Stored data:
-=-=-

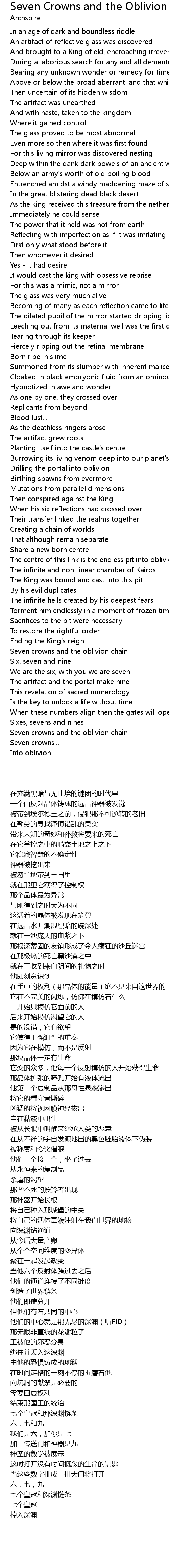 Seven crowns and the oblivion chain |
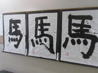 ・また、東校舎3階の廊下には、先日、しののめ希望館で子どもたちが書いた大文字「馬」の作品も掲示してありますので、こちらもあわせてご覧いただければと思います。
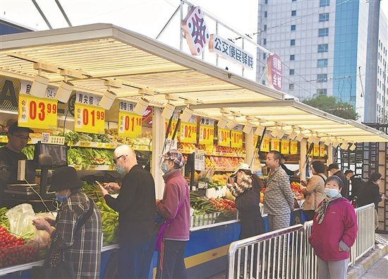 近期,位于北京市朝阳区柳芳公交场站东北角的“公交便民驿栈”投入运营,市民可在“公交便民驿栈”购买蔬菜、水果等农产品。新华社记者 任超 摄

-=-=-

Description of the task: Without including any pictures, copy every line above exactly.

Response to this task:
 Seven crowns and the oblivion chain |
 ・また、東校舎3階の廊下には、先日、しののめ希望館で子どもたちが書いた大文字「馬」の作品も掲示してありますので、こちらもあわせてご覧いただければと思います。
 近期,位于北京市朝阳区柳芳公交场站东北角的“公交便民驿栈”投入运营,市民可在“公交便民驿栈”购买蔬菜、水果等农产品。新华社记者 任超 摄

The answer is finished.